# Problem
Exactly as written, return all the data, leaving its pictures behind.
START Records to use
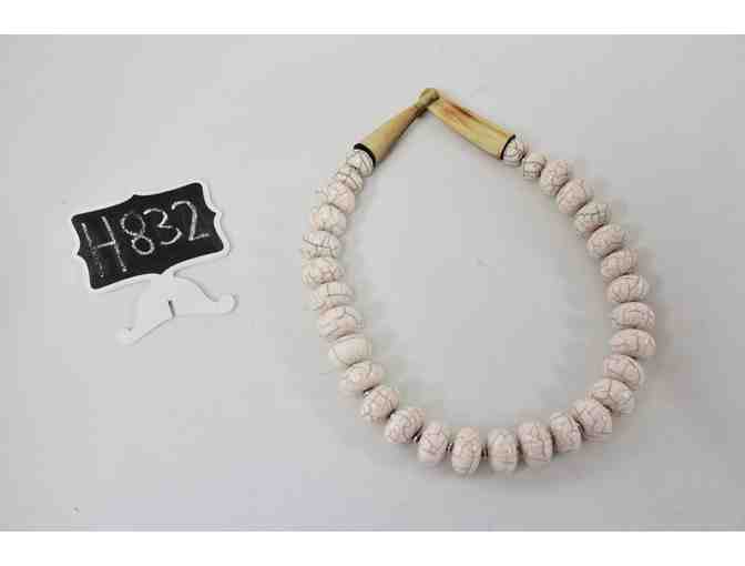 White Imitation Stone Necklace with Unique Wooden Clasp
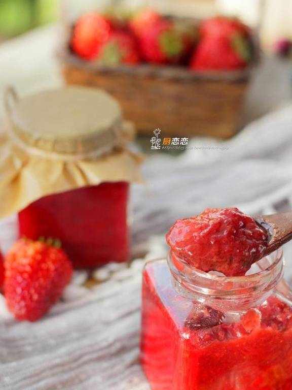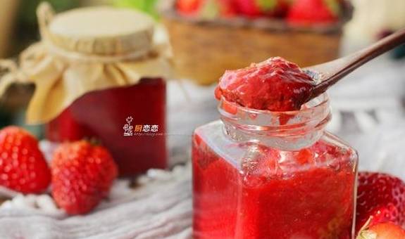 6、自己做的草莓酱因为没有添加不宜久存,短时间储存需要把玻璃瓶开水锅中蒸或煮15分钟彻底消毒,然后将果酱趁热放入封口,凉后入冰箱储存。这样可以放一个月左右,一旦打开就需要在短时间内吃完。
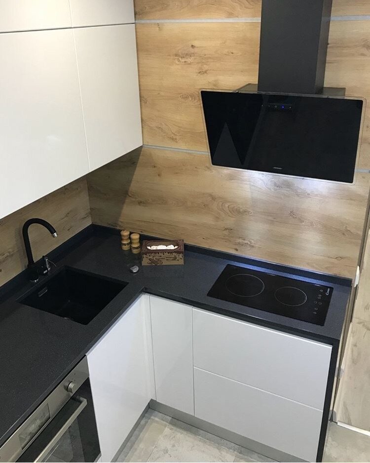 Компактность всей конструкции стала возможной благодаря узкой боковой стороне шириной всего 40 см. Индукционную варочную панель шириной 30 см установили поперек, что также экономит место. Дизайнерский акцент — стеновая панель, уложенная вразбежку. Этот прием не только визуально интересен, но и придает интерьеру более дорогой и продуманный вид.
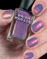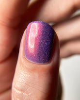 Moonlit Coronation is an indigo based polish with intoxicating pinkish-red shimmer and filled with silver reflective glitter.
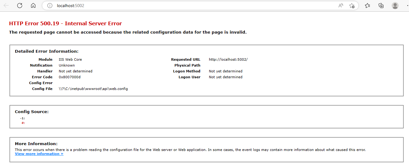 Server Error in Application "application name" HTTP Error 500.19 – Internal Server Error HRESULT: 0x8007000d Description of HRESULT The requested page cannot be accessed because the related configuration data for the page is invalid.
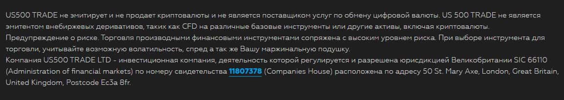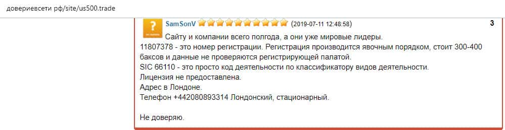 По словам автора следующего отзыва, компания-владелец US500 Trade LTD действительно зарегистрирована в Лондоне, только не в 2010 году, а в 2019 в феврале месяце. То есть аферисты своими датами вводят людей в заблуждение. Также есть момент с регуляцией деятельности - ее попросту нет существует у ДЦ ЮС 500 Трейд.
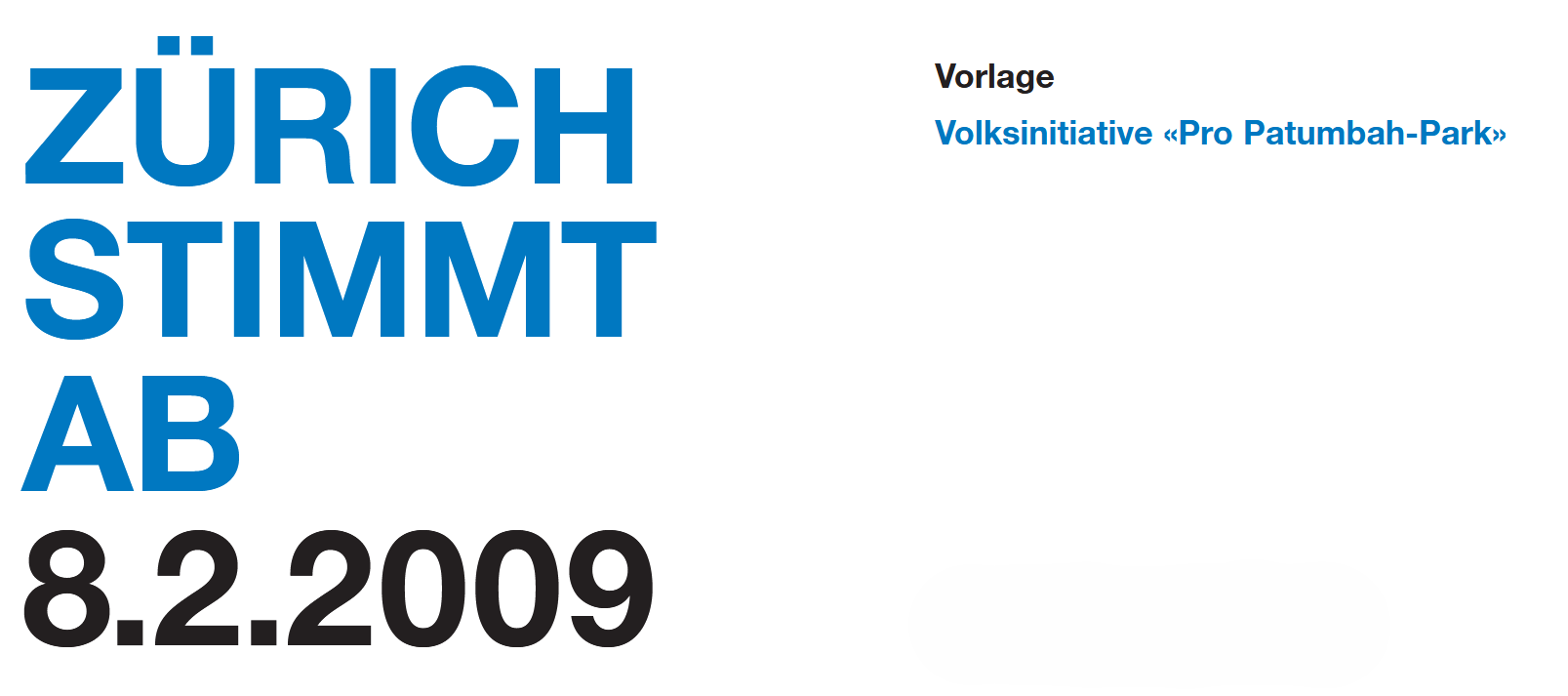 Stadt Zürich: Zürich stimmt ab, 08.02.2009, Vorlage Volksinitiative «Pro Patumbah-Park». file:///C:/Users/Startklar/Downloads/Abstimmungszeitung_1_09_Web-1.pdf. Abgerufen am 12.12.2024.
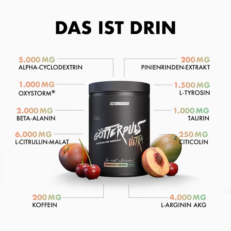 - ✅ Kaffeine fat: Citicolin - The focus matrix of the Götterpuls Ultra consists of caffeine and citicolin. The latter ingredient is dosed at 250 mg per serving.
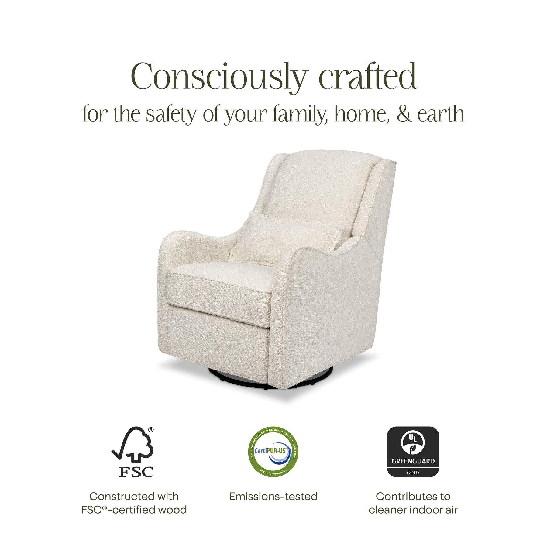 BREATHE EASY: Foam used in the seat meets all CA TB117-2013 flammability requirements and is CertiPUR-US® certified, certifying the foam is made without PBDE or Tris flame retardants, heavy metals, formaldehyde, CFCs and phthalates regulated by the CPSC. FSC® CERTIFIED WOOD: Wood used in the frame of this product comes from well-managed, FSC®-certified forests. The FSC® label means that wood has been harvested to benefit communities, wildlife, and the environment.
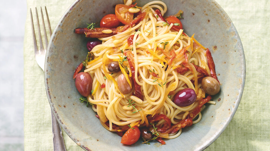 La pasta lunga, i ciliegini, i pomodori secchi, le olive e poi il sapore pungente dei cipollotti e quello scrocchiante dei pinoli annunciano al tempo stesso un primo fresco e la nuova stagione che vuole tra i protagonisti piatti veloci e leggeri, magari anche vegetariani come questo. Il ricordo dell'inverno passato rimane in quel succo d'arancia spruzzato sul condimento della caponatina che profuma di timo.
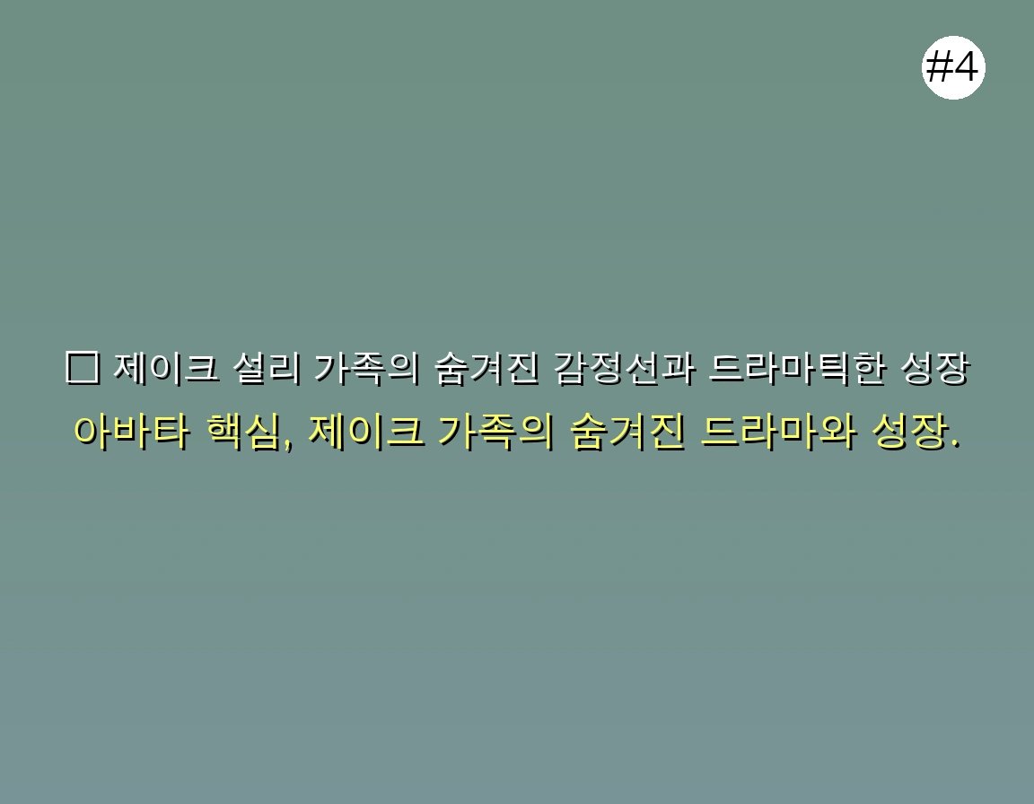 이 가족이 겪는 사랑, 상실, 그리고 성장의 이야기는 판도라의 거대한 서사 속에서 더욱 감동적으로 펼쳐질 것입니다. "아바타3"를 보기 전 각 캐릭터의 배경과 심리를 이해하면, 훨씬 더 깊은 몰입감을 느낄 수 있을 것입니다.
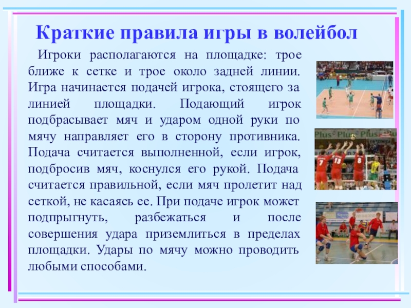 чтобы победить соперника, умело применяя нападающие и защитные действия. Если учесть, что волейбол игра командная, то надо хорошо взаимодействовать с партнерами по команде.
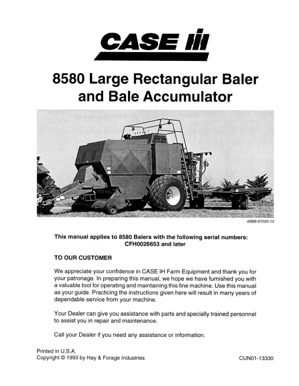 CASE 8580 Large Rectangular Baler and Bale Accumulator Operations Manual SN CFH0026653 and later is a comprehensive guide designed to assist operators and technicians in the safe and efficient use of the CASE 8580 Large Rectangular Baler. This manual covers detailed operational procedures, maintenance protocols, and troubleshooting tips to ensure optimal performance and longevity of the equipment. It provides step-by-step instructions for setting up, operating, and servicing the baler, making it an essential resource for achieving maximum productivity in agricultural and industrial applications. The manual is specifically tailored for balers with serial number CFH0026653 and later, ensuring compatibility and relevance for users. Whether you are a seasoned professional or a new operator, this manual serves as a valuable reference tool to enhance your understanding and proficiency with the CASE 8580 Large Rectangular Baler.
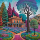 A vibrant, colorful landscape features a quaint house with a red roof, surrounded by tall, stylized trees and rolling hills, creating a cheerful and inviting scene.
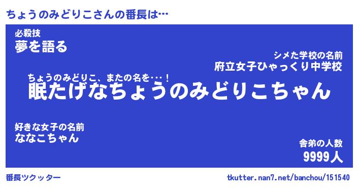 | 肩書あだ名 | 『ちょうのみどりこ店長』 |
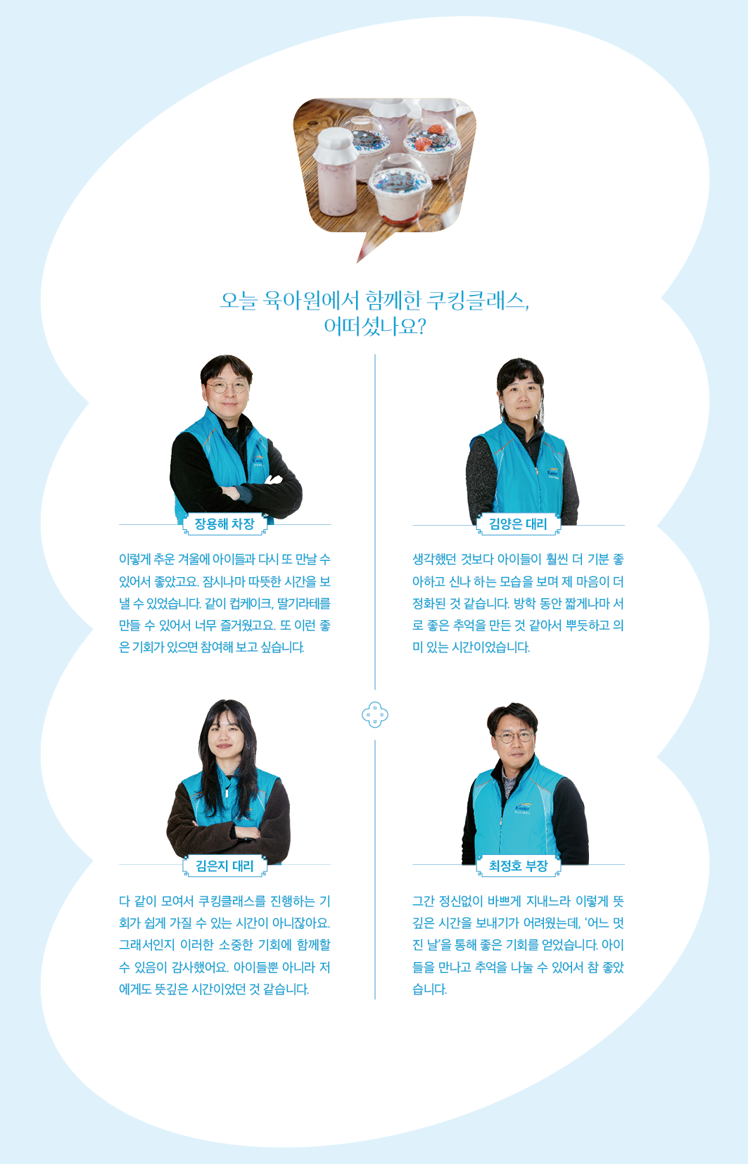 장용해 차장은 자신이 베푼다는 마음가짐보다 그저 아이들이 밝고 예쁘게 자라는 것에 더 큰 기쁨을 느낀다고 말을 전했다.
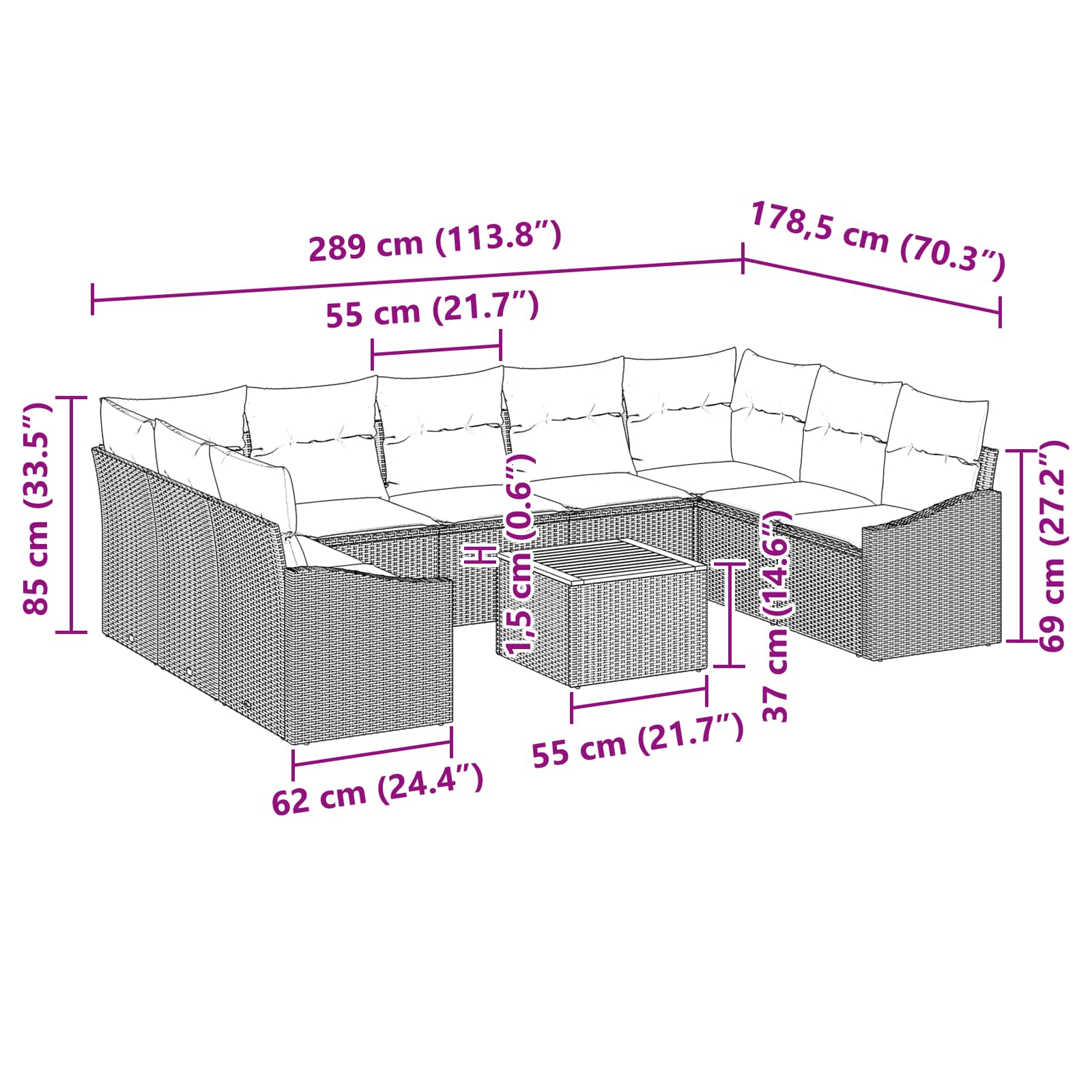 - 2 x Kotni sedež: 62 x 62 x 69 cm (D x Š x V)
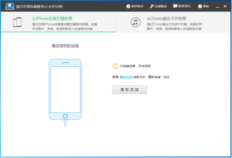 4.在軟件界面中選擇“從iTunes備份文件恢復”功能,軟件將會檢測電腦上的備份設備,如果您沒有使用iTunes備份過蘋果手機數據,請選擇iPhone設備掃描恢復。點擊連接在電腦上的設備,,再點擊開始掃描。
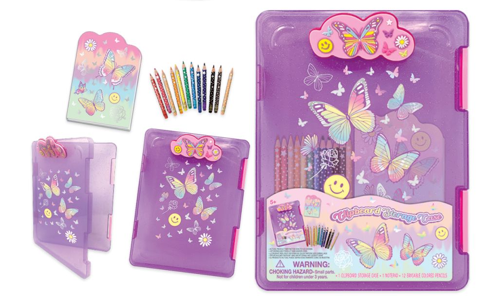 Teczka A4 z klipsem + kredki Motylki
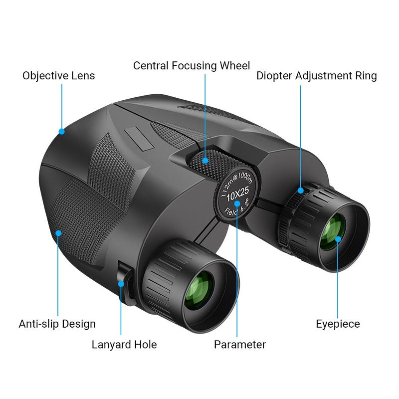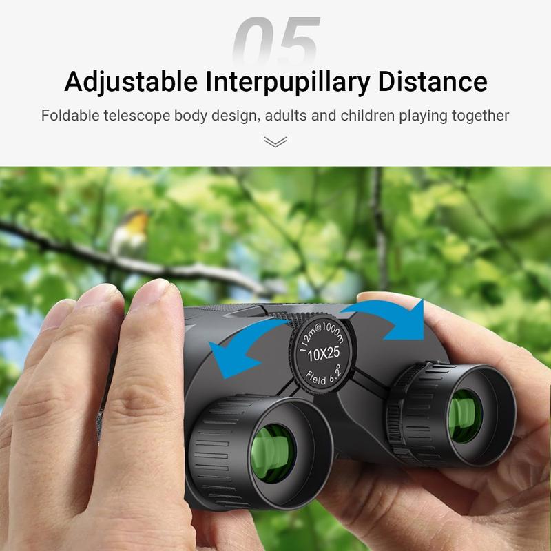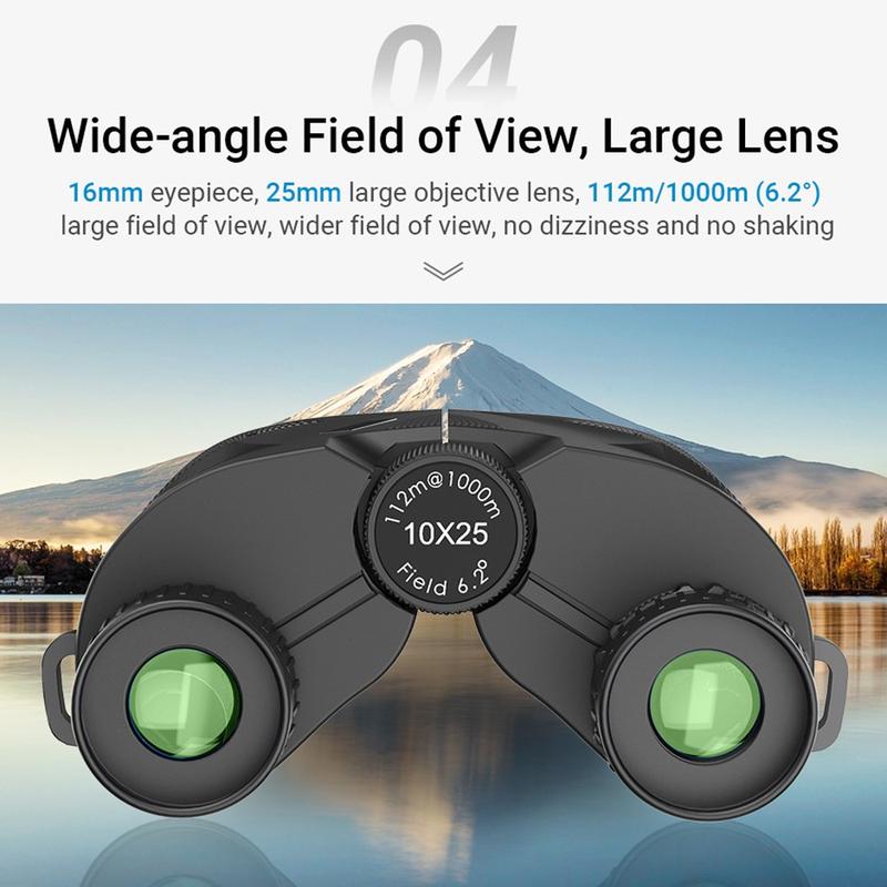 Binóculos portáteis Apexel 10x25 HD - Ótica BAK4 FMC dobrável e compacta para observação de aves, concertos e utilização no exterior
END Records to use
# Problem solution
 White Imitation Stone Necklace with Unique Wooden Clasp
 6、自己做的草莓酱因为没有添加不宜久存,短时间储存需要把玻璃瓶开水锅中蒸或煮15分钟彻底消毒,然后将果酱趁热放入封口,凉后入冰箱储存。这样可以放一个月左右,一旦打开就需要在短时间内吃完。
 Компактность всей конструкции стала возможной благодаря узкой боковой стороне шириной всего 40 см. Индукционную варочную панель шириной 30 см установили поперек, что также экономит место. Дизайнерский акцент — стеновая панель, уложенная вразбежку. Этот прием не только визуально интересен, но и придает интерьеру более дорогой и продуманный вид.
 Moonlit Coronation is an indigo based polish with intoxicating pinkish-red shimmer and filled with silver reflective glitter.
 Server Error in Application "application name" HTTP Error 500.19 – Internal Server Error HRESULT: 0x8007000d Description of HRESULT The requested page cannot be accessed because the related configuration data for the page is invalid.
 По словам автора следующего отзыва, компания-владелец US500 Trade LTD действительно зарегистрирована в Лондоне, только не в 2010 году, а в 2019 в феврале месяце. То есть аферисты своими датами вводят людей в заблуждение. Также есть момент с регуляцией деятельности - ее попросту нет существует у ДЦ ЮС 500 Трейд.
 Stadt Zürich: Zürich stimmt ab, 08.02.2009, Vorlage Volksinitiative «Pro Patumbah-Park». file:///C:/Users/Startklar/Downloads/Abstimmungszeitung_1_09_Web-1.pdf. Abgerufen am 12.12.2024.
 - ✅ Kaffeine fat: Citicolin - The focus matrix of the Götterpuls Ultra consists of caffeine and citicolin. The latter ingredient is dosed at 250 mg per serving.
 BREATHE EASY: Foam used in the seat meets all CA TB117-2013 flammability requirements and is CertiPUR-US® certified, certifying the foam is made without PBDE or Tris flame retardants, heavy metals, formaldehyde, CFCs and phthalates regulated by the CPSC. FSC® CERTIFIED WOOD: Wood used in the frame of this product comes from well-managed, FSC®-certified forests. The FSC® label means that wood has been harvested to benefit communities, wildlife, and the environment.
 La pasta lunga, i ciliegini, i pomodori secchi, le olive e poi il sapore pungente dei cipollotti e quello scrocchiante dei pinoli annunciano al tempo stesso un primo fresco e la nuova stagione che vuole tra i protagonisti piatti veloci e leggeri, magari anche vegetariani come questo. Il ricordo dell'inverno passato rimane in quel succo d'arancia spruzzato sul condimento della caponatina che profuma di timo.
 이 가족이 겪는 사랑, 상실, 그리고 성장의 이야기는 판도라의 거대한 서사 속에서 더욱 감동적으로 펼쳐질 것입니다. "아바타3"를 보기 전 각 캐릭터의 배경과 심리를 이해하면, 훨씬 더 깊은 몰입감을 느낄 수 있을 것입니다.
 чтобы победить соперника, умело применяя нападающие и защитные действия. Если учесть, что волейбол игра командная, то надо хорошо взаимодействовать с партнерами по команде.
 CASE 8580 Large Rectangular Baler and Bale Accumulator Operations Manual SN CFH0026653 and later is a comprehensive guide designed to assist operators and technicians in the safe and efficient use of the CASE 8580 Large Rectangular Baler. This manual covers detailed operational procedures, maintenance protocols, and troubleshooting tips to ensure optimal performance and longevity of the equipment. It provides step-by-step instructions for setting up, operating, and servicing the baler, making it an essential resource for achieving maximum productivity in agricultural and industrial applications. The manual is specifically tailored for balers with serial number CFH0026653 and later, ensuring compatibility and relevance for users. Whether you are a seasoned professional or a new operator, this manual serves as a valuable reference tool to enhance your understanding and proficiency with the CASE 8580 Large Rectangular Baler.
 A vibrant, colorful landscape features a quaint house with a red roof, surrounded by tall, stylized trees and rolling hills, creating a cheerful and inviting scene.
 | 肩書あだ名 | 『ちょうのみどりこ店長』 |
 장용해 차장은 자신이 베푼다는 마음가짐보다 그저 아이들이 밝고 예쁘게 자라는 것에 더 큰 기쁨을 느낀다고 말을 전했다.
 - 2 x Kotni sedež: 62 x 62 x 69 cm (D x Š x V)
 4.在軟件界面中選擇“從iTunes備份文件恢復”功能,軟件將會檢測電腦上的備份設備,如果您沒有使用iTunes備份過蘋果手機數據,請選擇iPhone設備掃描恢復。點擊連接在電腦上的設備,,再點擊開始掃描。
 Teczka A4 z klipsem + kredki Motylki
 Binóculos portáteis Apexel 10x25 HD - Ótica BAK4 FMC dobrável e compacta para observação de aves, concertos e utilização no exterior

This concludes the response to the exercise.